Financial Strategies by Generation (for Young, Middle Aged, and Older Adults)

The following post comes from the Military Saves Blog. Follow them on Twitter and Facebook.

by Military Families Learning Network

Service members, military retirees, and their families  cross a variety of ages and life stages, but saving for retirement should be a priority no matter what your stage of life.

Below is a description of recommended financial strategies for military families in three different age groups:

Young Adults (18-39)

  • Make compound interest work for you by putting time on your side. If you save $50 a week from age 22 to 65, you’ll have almost $1 million, assuming an 8% average annual return. To learn about investing, visit the Cooperative Extension investing home study course, Investing for Your Future, at www.investing.rutgers.edu.
  • Don’t live beyond your means using credit. Not only will you owe a lot of interest, but you’ll tie up money that could otherwise be invested for future financial goals. Compound interest is your enemy if you make minimum payments on credit cards. A $5,000 balance on an 18% APR credit card will take 16 years to repay with minimum payments and you’ll pay $4,567 in interest charges, which is almost twice as much as you borrowed.
  • Keep adjusting your finances as life events occur. For example, enroll in the Thrift Savings Plan (TSP) retirement savings plan when you start working and buy life insurance when you have dependents. Build and maintain an emergency fund of at least three months’ expenses for unforeseen events.

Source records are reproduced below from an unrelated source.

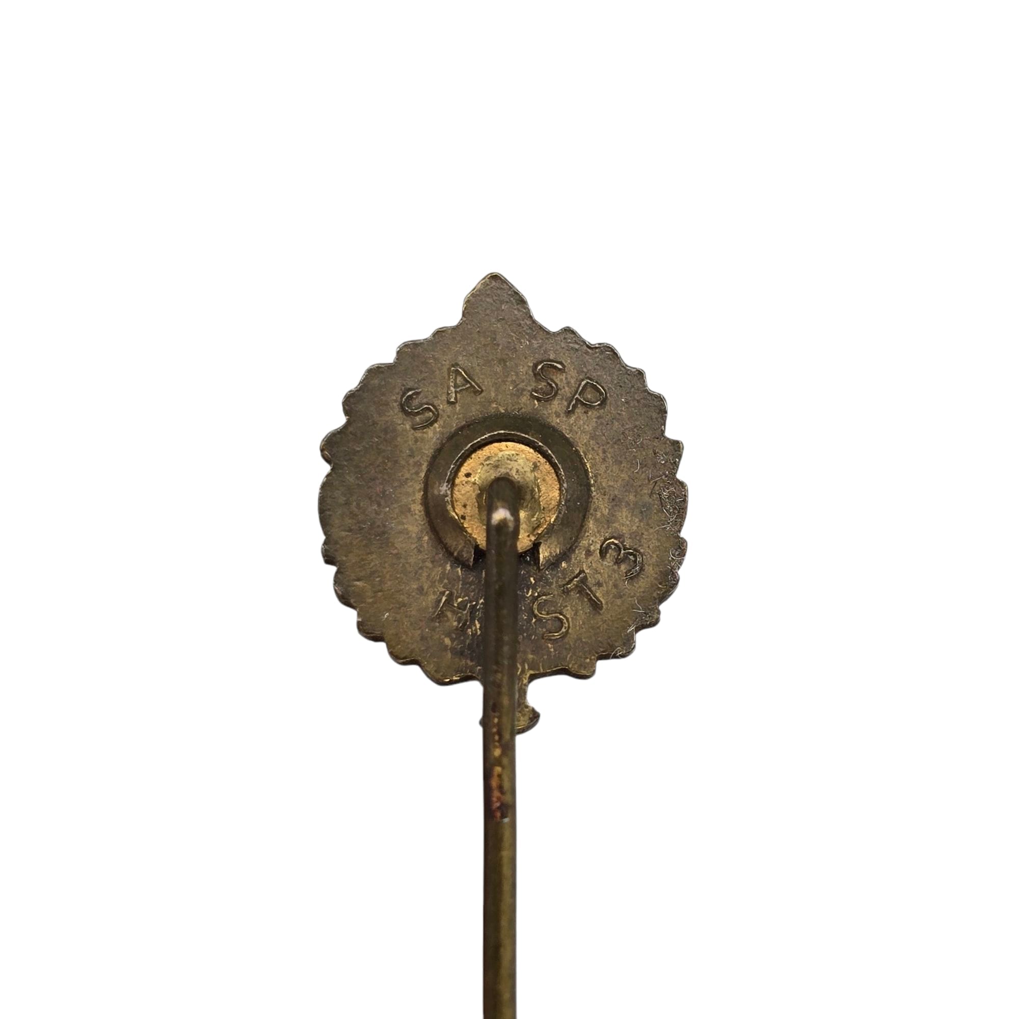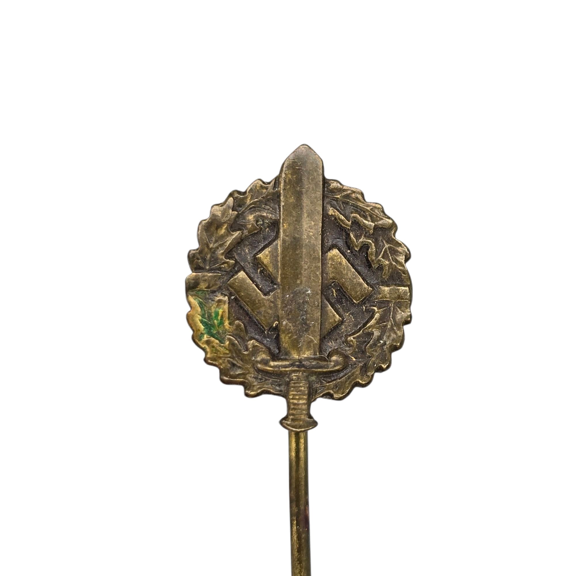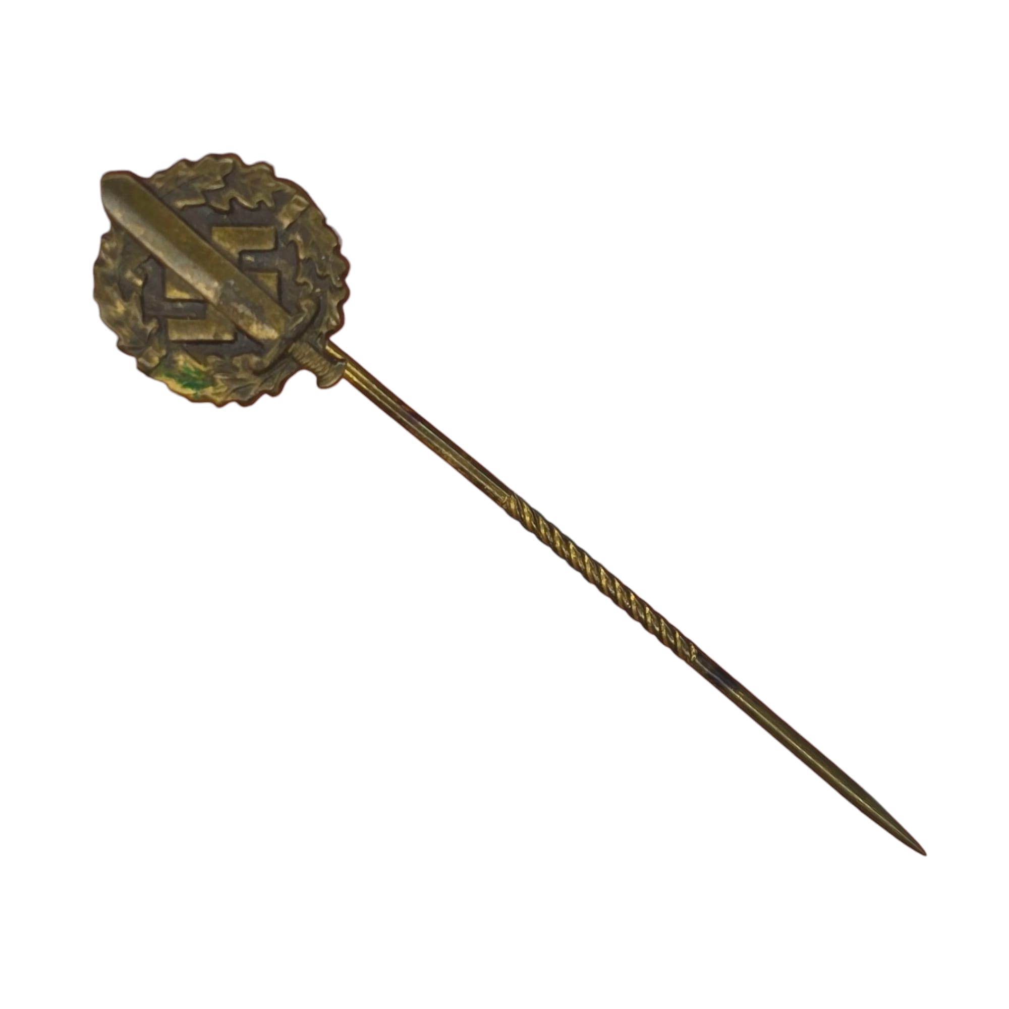 SA Sports Medal in Bronze (SA-Sportabzeichen). The SA (Sturmabteilung) was founded in August 1921 as a protection unit of the political leaders of the NSDAP. The SA sports medal in bronze was instituted by SA Chief of Staff ‘Ernst Röhm’ on November 28, 1933, to distinguish SA and SS personnel who had achieved the set criteria (fitness, military defense, field exercises, etc.). this is a miniature stickpin for clothing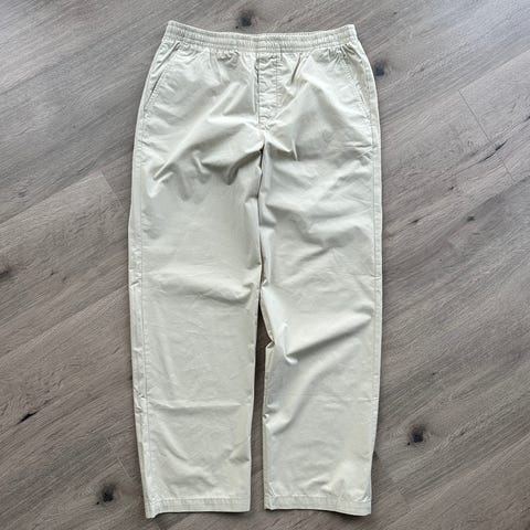 H&M bukser i beige farve til herrer, størrelse S. Bukserne har elastisk talje med snøre og flere lommer, herunder cargolommer. Materialet er let og egnet til daglig brug.
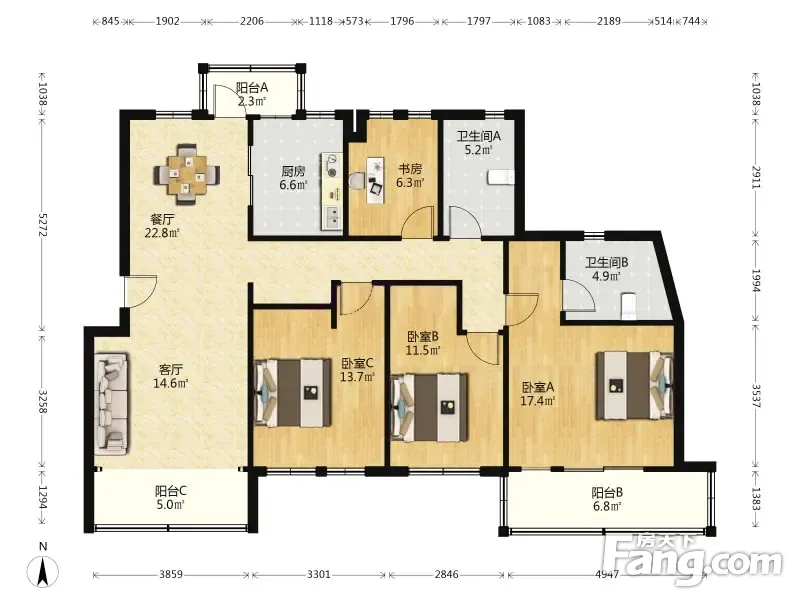 房屋拥有相对宽松的尺寸,布局通透,动静分离,设计豪华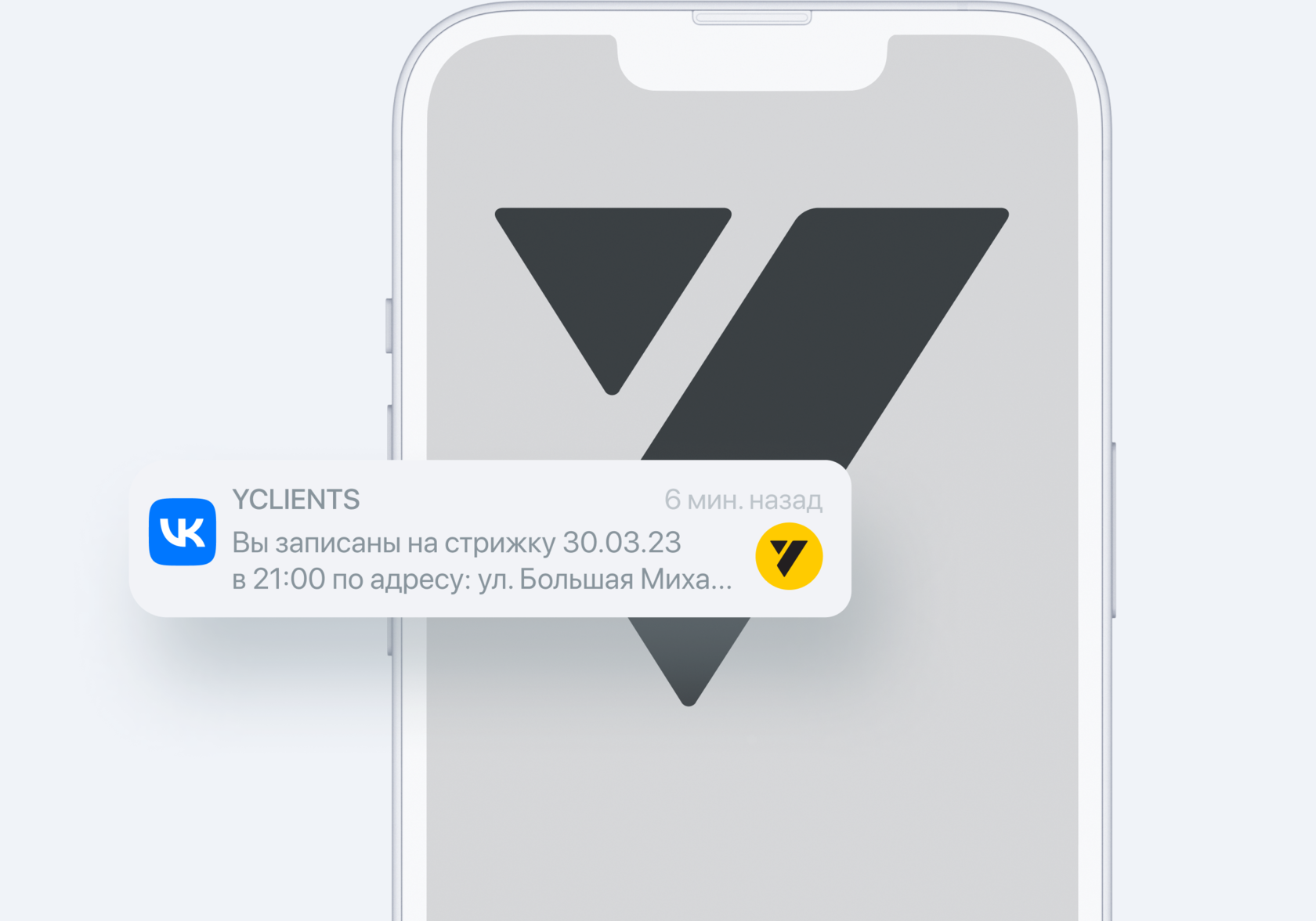 Аудитория соцсети ВКонтакте — 100 млн человек в сутки. Там точно есть ваши клиенты! Вы можете использовать уведомления приложения, чтобы общаться с аудиторией. Мы обо всем позаботились. Уведомления будут отправляться автоматически, если в журнале записи указан телефон клиента, к которому привязан аккаунт ВКонтакте. Подтверждайте записи, напоминайте о визите и предупреждайте об изменениях в расписании — клиенты точно заметят ваши сообщения.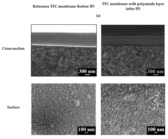 SEM micrographs of the cross-section and the selective surface structure of CS-based TFC membranes and PAN substrates were obtained using Zeiss Merlin SEM (Carl Zeiss SMT, Oberhochen, Germany). The cross-section of samples was obtained by submerging the sample in liquid nitrogen for 10–20 s and subsequent splitting perpendicular to the surface. SEM images were obtained at a voltage of 1 kV.

Middle Aged Adults (40-54)

  • Continue to make compound interest work for you, especially if you’re making up for lost time. If you save $200 a week from age 45 to age 65, you’ll accumulate about $510,000 assuming an 8% average annual return. For additional “catch-up” strategies, see  these tips for late savers.
  • Ramp up your college and retirement savings by decreasing household expenses. Take advantage of catch-up contributions available to persons age 50+ for individual retirement accounts (IRAs) and the Thrift Savings Plan.
  • Keep adjusting your finances as life events occur. For example, if you have not yet written a will, living will, and/or durable power of attorney, do so now. Review your life insurance needs and beneficiary designations periodically and plan to pay off your mortgage before retirement.

Age 55 and Older

  • Upon leaving paid employment, create a “retirement paycheck” with withdrawals from invested assets. Many experts advise withdrawing no more than 4% to 4.5% of assets annually to insure that you will not outlive your money. This amount should then be adjusted annually for inflation. Example: someone with $300,000 of savings would withdraw $12,000 (4% of $300,000) in year one and $12,360 (12,000 + $12,000 x 3% inflation rate) in year two, etc.  Keep some stock in your investment portfolio throughout retirement to hedge inflation.
  • Take required minimum distributions (RMDs) from retirement savings from tax-deferred retirement savings plans beginning at age 70 ½. For additional information about RMDs, see the Rutgers Cooperative Extension Web site http://njaes.rutgers.edu/money/ira-table.asp.
  • Keep adjusting your finances as life events occur. For example, begin making plans to transfer untitled personal property to heirs and consider the purchase of long-term care insurance. Get help from professional advisors (e.g., financial planner and estate planning attorney) as needed.

Saving for retirement can be challenging at any stage of life, but by aligning your actions with your retirement strategy, you can become a successful Saver and look forward to a secure retirement. Set a goal. Make a plan. Save automatically.